Project Arachne

This robotics project does not directly involve Monty but I believe it to be complementary to Monty, taking a bottom up approach to AGI in contrast to Monty’s top down approach.
Perhaps there will be a way to link the projects at some point in the future as there
seems to be much interest in applying Monty to robotics.

If you are kind enough to take the time to read my ramblings please be assured that the
concept is not entirely pie in the sky, the first unit has been built and its little sensorimotor
system is buzzing away waiting for a brain to tell it what to do.

I will present the progress in stages. Part one attached.

Project_Arachne_Part1_Concept.pdf (166.6 KB)

I found the PDF to be interesting, promising, and well written; I’m looking forward to reading the upcoming parts. The project title hints that the design of the robot(s) might be modeled after spiders (e.g., compound eyes, several legs). If so, I approve; Monty shouldn’t be too firmly tied to accidents of mammalian biology…

Hi @Rich_Morin

Thank you for the compliment. Yes, it has six legs for inherent stability, hence the name (gonna get some letters about that one).

Actually Arachne is from Greek mythology, a weaver who believed she could weave better than the goddess Athena. Make of that what you will

Alex

@Alex I look forward to part two. I’d liked the analogy of the Wright brothers not trying to build a jumbo jet but rather attempting to implement the simplest possible thing capable of powered flight.
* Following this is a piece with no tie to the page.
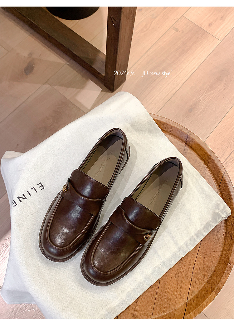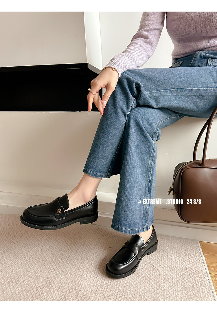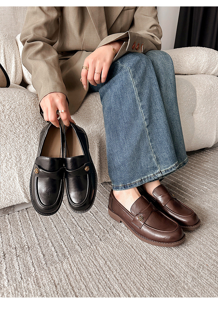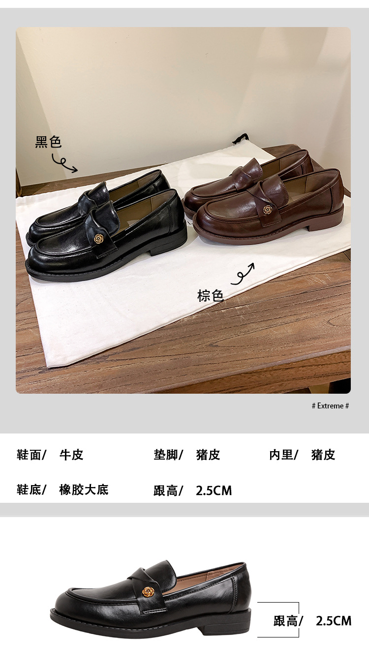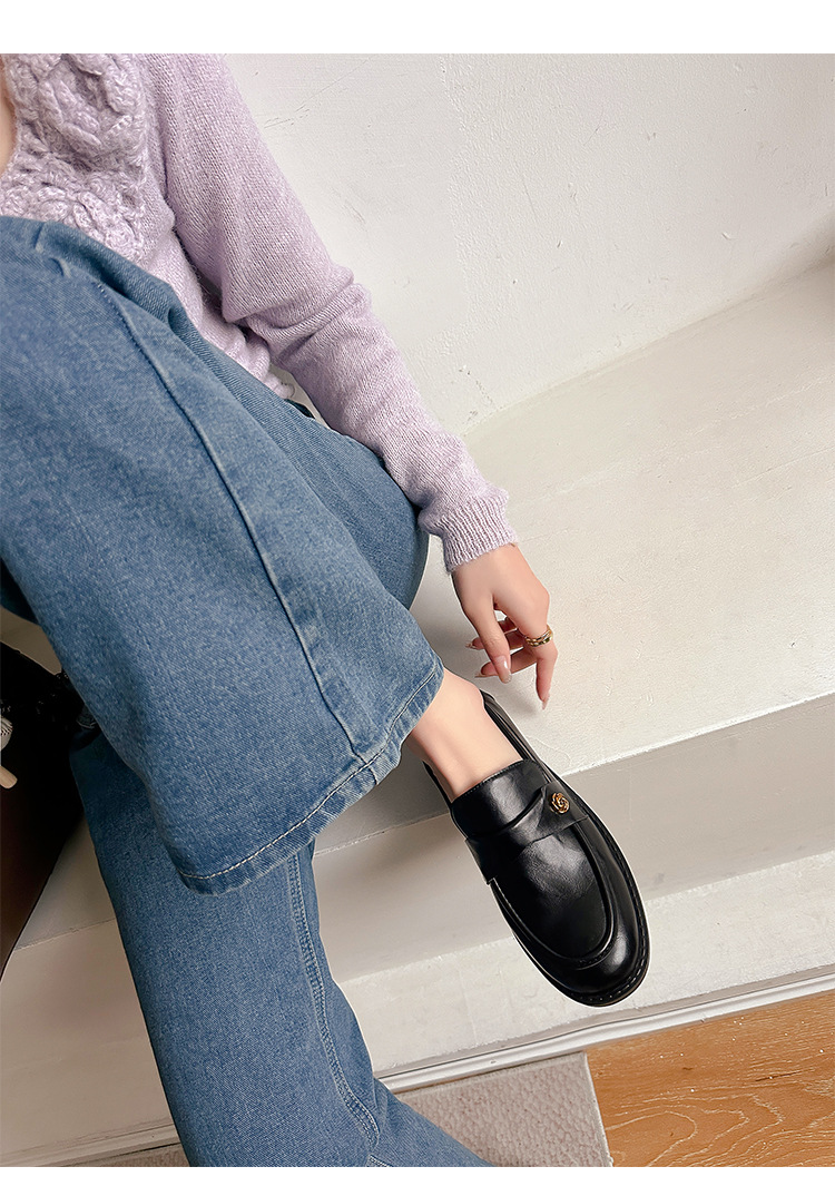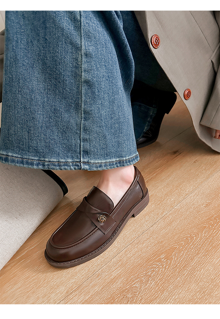 여성을위한 내부 높이 증가 로퍼 2025 봄 새로운 스타일 복고풍 작은 금 버클 싱글 신발 검은색 정품 가죽 두꺼운 굽 게으른 작은 가죽 신발스토어 가기

FWIW, a quick search came up with a number of hexapedal robot kits (e.g., for STEM projects). Some of these look large enough to support added sensors and effectors. Also, they might be able to navigate a garden, etc.

FYI, Benedict Jacka’s Alex Verus series (highly recommended if you like that sort of thing :-) features a giant, sentient spider named Arachne.

Hi @Rich_Morin

Yes, there are several hexapod kits out there. I actually started the project using the Freenove kit
and trying to modify it. But I realised I was going down the same track as the robot arm, that of building a machine with no sensory feedback from its skeletal muscular system. @vclay, in her dissertation ‘Learning as an Active, Sensorimotor Process’ says that ‘cognition is not just a product of the brain, but the whole body, its sensors, and effectors.’
This, I think, is the difference between building a machine and building an artificial creature. I didn’t check them all, but I don’t think any of the kits have that level of feedback. Modifications to the Freenove kit would have to be so extensive I may as well start the design from scratch, so I did.

The Benedict Jacka novels look interesting, I had not heard of that writer. I will take a look when I get time.

Part 2, the hardware architecture

Project_Arachne_Part2_Architecture.pdf (742.4 KB)

Part 3, the final part of the sensorimotor system build

Project_Arachne_Part3_Mechanics.pdf (946.9 KB)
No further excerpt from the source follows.